------ GIVEN DATA

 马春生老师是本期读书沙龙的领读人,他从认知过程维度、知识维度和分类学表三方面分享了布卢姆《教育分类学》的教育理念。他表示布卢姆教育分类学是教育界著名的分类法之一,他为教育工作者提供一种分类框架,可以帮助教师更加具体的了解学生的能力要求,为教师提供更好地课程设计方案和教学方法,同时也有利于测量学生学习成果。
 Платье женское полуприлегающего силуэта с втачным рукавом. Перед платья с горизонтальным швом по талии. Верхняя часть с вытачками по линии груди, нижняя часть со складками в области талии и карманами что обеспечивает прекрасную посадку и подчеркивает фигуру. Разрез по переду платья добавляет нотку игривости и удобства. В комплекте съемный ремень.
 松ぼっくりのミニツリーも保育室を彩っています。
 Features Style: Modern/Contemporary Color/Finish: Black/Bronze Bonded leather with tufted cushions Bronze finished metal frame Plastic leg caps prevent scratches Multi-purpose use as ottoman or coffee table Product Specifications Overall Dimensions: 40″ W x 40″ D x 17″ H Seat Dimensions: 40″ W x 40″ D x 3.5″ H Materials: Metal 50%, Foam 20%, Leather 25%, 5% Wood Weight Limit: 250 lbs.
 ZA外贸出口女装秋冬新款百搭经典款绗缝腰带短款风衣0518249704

------------
------ GIVEN DATA

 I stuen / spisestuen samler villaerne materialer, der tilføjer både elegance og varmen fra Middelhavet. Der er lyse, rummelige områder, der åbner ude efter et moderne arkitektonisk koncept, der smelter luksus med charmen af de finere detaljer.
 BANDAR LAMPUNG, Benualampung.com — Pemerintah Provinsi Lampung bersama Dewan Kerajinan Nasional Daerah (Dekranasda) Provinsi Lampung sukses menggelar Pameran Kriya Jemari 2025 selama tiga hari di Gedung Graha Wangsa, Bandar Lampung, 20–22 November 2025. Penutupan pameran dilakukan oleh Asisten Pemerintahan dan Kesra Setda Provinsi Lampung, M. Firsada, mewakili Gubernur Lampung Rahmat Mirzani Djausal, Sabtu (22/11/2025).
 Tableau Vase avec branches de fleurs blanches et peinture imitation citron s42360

------------

* _DESCRIPTION OF THE TASK_:
Give back, word for word, only the lines above from the line holding "Платье женское полуприлегающего" to the line holding "ZA外贸出口女装秋冬新款百搭经典款绗缝腰带短款风衣0518249704", both included.

* _EXERCISE RESPONSE_:
 Платье женское полуприлегающего силуэта с втачным рукавом. Перед платья с горизонтальным швом по талии. Верхняя часть с вытачками по линии груди, нижняя часть со складками в области талии и карманами что обеспечивает прекрасную посадку и подчеркивает фигуру. Разрез по переду платья добавляет нотку игривости и удобства. В комплекте съемный ремень.
 松ぼっくりのミニツリーも保育室を彩っています。
 Features Style: Modern/Contemporary Color/Finish: Black/Bronze Bonded leather with tufted cushions Bronze finished metal frame Plastic leg caps prevent scratches Multi-purpose use as ottoman or coffee table Product Specifications Overall Dimensions: 40″ W x 40″ D x 17″ H Seat Dimensions: 40″ W x 40″ D x 3.5″ H Materials: Metal 50%, Foam 20%, Leather 25%, 5% Wood Weight Limit: 250 lbs.
 ZA外贸出口女装秋冬新款百搭经典款绗缝腰带短款风衣0518249704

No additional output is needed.